| Exercise goal |
Return the material exactly, first line through the line containing "Carte annonce de", and nothing more. Pictures stay out.

| Dataset section |
——————————
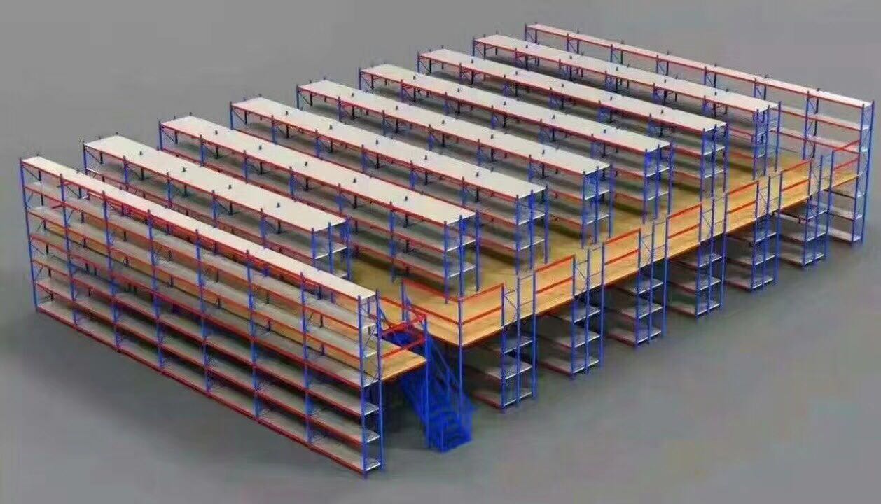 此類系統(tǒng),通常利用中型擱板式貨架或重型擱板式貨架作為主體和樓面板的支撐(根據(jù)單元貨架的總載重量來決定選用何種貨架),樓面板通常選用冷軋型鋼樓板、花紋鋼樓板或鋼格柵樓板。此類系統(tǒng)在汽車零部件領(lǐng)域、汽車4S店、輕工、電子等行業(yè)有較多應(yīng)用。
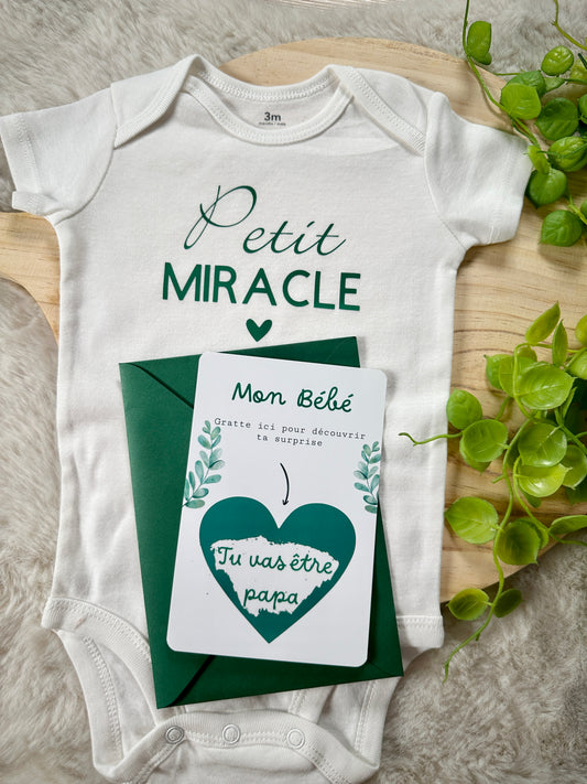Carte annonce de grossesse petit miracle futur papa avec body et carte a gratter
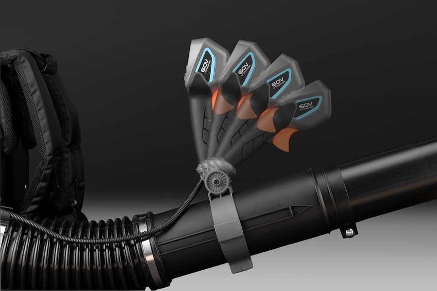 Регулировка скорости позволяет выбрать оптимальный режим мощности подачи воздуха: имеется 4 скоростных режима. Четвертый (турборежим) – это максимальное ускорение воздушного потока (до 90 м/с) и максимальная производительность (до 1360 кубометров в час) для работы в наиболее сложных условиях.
——————————
| Your response |
 此類系統(tǒng),通常利用中型擱板式貨架或重型擱板式貨架作為主體和樓面板的支撐(根據(jù)單元貨架的總載重量來決定選用何種貨架),樓面板通常選用冷軋型鋼樓板、花紋鋼樓板或鋼格柵樓板。此類系統(tǒng)在汽車零部件領(lǐng)域、汽車4S店、輕工、電子等行業(yè)有較多應(yīng)用。
Carte annonce de grossesse petit miracle futur papa avec body et carte a gratter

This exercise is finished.